───── DATA FOR REVIEW ─────
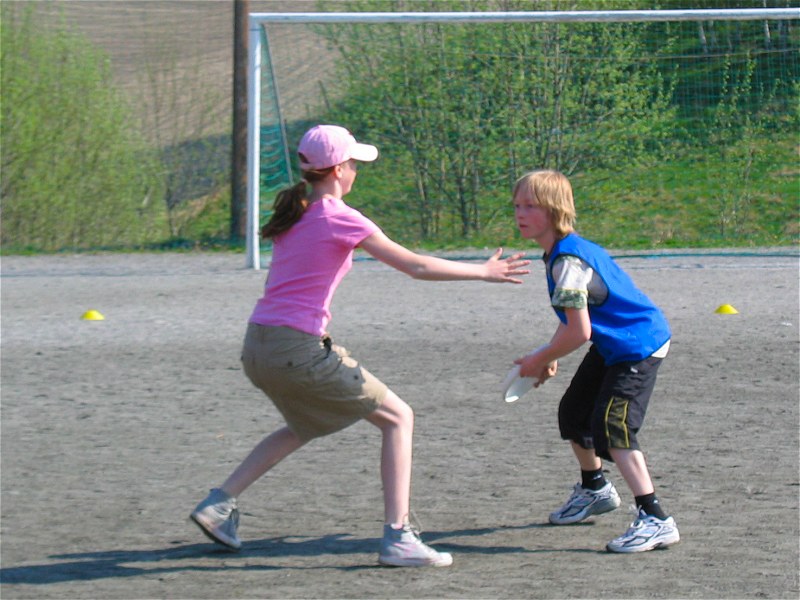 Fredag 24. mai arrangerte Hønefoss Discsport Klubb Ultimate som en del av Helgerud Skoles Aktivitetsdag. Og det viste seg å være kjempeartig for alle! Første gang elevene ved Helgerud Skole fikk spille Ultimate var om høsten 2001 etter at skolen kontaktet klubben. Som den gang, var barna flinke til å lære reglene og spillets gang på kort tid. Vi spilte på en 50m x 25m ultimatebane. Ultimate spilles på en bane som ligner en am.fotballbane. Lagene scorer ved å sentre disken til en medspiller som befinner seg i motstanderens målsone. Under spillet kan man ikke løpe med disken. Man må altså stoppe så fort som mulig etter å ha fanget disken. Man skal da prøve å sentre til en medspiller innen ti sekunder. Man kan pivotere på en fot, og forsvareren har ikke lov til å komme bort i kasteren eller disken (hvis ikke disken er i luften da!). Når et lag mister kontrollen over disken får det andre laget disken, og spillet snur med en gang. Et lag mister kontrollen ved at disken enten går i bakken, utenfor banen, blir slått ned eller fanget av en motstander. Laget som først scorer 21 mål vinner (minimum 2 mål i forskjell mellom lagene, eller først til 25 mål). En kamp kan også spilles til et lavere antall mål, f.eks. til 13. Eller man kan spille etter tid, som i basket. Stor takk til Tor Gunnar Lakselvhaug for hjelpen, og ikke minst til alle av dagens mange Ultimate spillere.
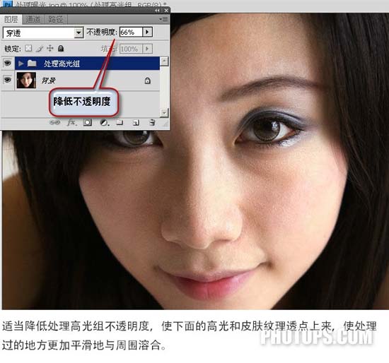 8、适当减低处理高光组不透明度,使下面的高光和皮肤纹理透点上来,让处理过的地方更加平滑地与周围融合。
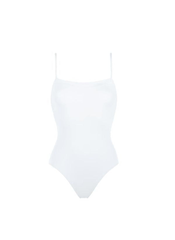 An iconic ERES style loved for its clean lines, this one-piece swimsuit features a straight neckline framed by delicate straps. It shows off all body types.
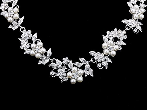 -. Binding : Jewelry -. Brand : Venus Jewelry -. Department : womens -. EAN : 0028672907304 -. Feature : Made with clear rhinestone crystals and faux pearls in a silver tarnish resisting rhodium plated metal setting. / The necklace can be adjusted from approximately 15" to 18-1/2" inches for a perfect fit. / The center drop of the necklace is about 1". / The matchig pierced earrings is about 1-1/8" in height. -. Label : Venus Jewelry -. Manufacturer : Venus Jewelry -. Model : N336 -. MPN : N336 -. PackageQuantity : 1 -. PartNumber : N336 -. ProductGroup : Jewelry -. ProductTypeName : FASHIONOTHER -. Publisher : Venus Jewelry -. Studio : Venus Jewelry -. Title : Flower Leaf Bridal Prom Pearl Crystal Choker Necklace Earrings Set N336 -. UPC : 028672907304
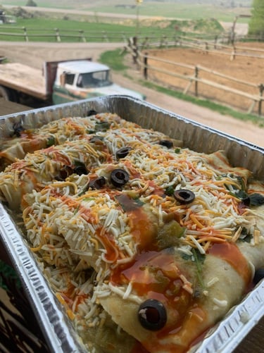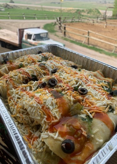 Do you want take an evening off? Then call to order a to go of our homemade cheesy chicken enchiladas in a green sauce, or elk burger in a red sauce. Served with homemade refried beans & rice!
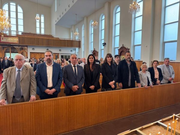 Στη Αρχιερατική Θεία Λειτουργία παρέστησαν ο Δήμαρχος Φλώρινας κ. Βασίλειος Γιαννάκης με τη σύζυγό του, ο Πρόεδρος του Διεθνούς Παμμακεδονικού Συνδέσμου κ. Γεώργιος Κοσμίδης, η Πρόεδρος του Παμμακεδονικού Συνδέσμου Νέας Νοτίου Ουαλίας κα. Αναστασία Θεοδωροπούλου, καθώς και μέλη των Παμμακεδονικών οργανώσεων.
─────
> WHAT IS NEEDED:
Please copy the data above word for word, but only from the line that contains "An iconic ERES" through the final line, both included, and without the pictures.

> ANSWER FOR THIS EXERCISE:
 An iconic ERES style loved for its clean lines, this one-piece swimsuit features a straight neckline framed by delicate straps. It shows off all body types.
 -. Binding : Jewelry -. Brand : Venus Jewelry -. Department : womens -. EAN : 0028672907304 -. Feature : Made with clear rhinestone crystals and faux pearls in a silver tarnish resisting rhodium plated metal setting. / The necklace can be adjusted from approximately 15" to 18-1/2" inches for a perfect fit. / The center drop of the necklace is about 1". / The matchig pierced earrings is about 1-1/8" in height. -. Label : Venus Jewelry -. Manufacturer : Venus Jewelry -. Model : N336 -. MPN : N336 -. PackageQuantity : 1 -. PartNumber : N336 -. ProductGroup : Jewelry -. ProductTypeName : FASHIONOTHER -. Publisher : Venus Jewelry -. Studio : Venus Jewelry -. Title : Flower Leaf Bridal Prom Pearl Crystal Choker Necklace Earrings Set N336 -. UPC : 028672907304
 Do you want take an evening off? Then call to order a to go of our homemade cheesy chicken enchiladas in a green sauce, or elk burger in a red sauce. Served with homemade refried beans & rice!
 Στη Αρχιερατική Θεία Λειτουργία παρέστησαν ο Δήμαρχος Φλώρινας κ. Βασίλειος Γιαννάκης με τη σύζυγό του, ο Πρόεδρος του Διεθνούς Παμμακεδονικού Συνδέσμου κ. Γεώργιος Κοσμίδης, η Πρόεδρος του Παμμακεδονικού Συνδέσμου Νέας Νοτίου Ουαλίας κα. Αναστασία Θεοδωροπούλου, καθώς και μέλη των Παμμακεδονικών οργανώσεων.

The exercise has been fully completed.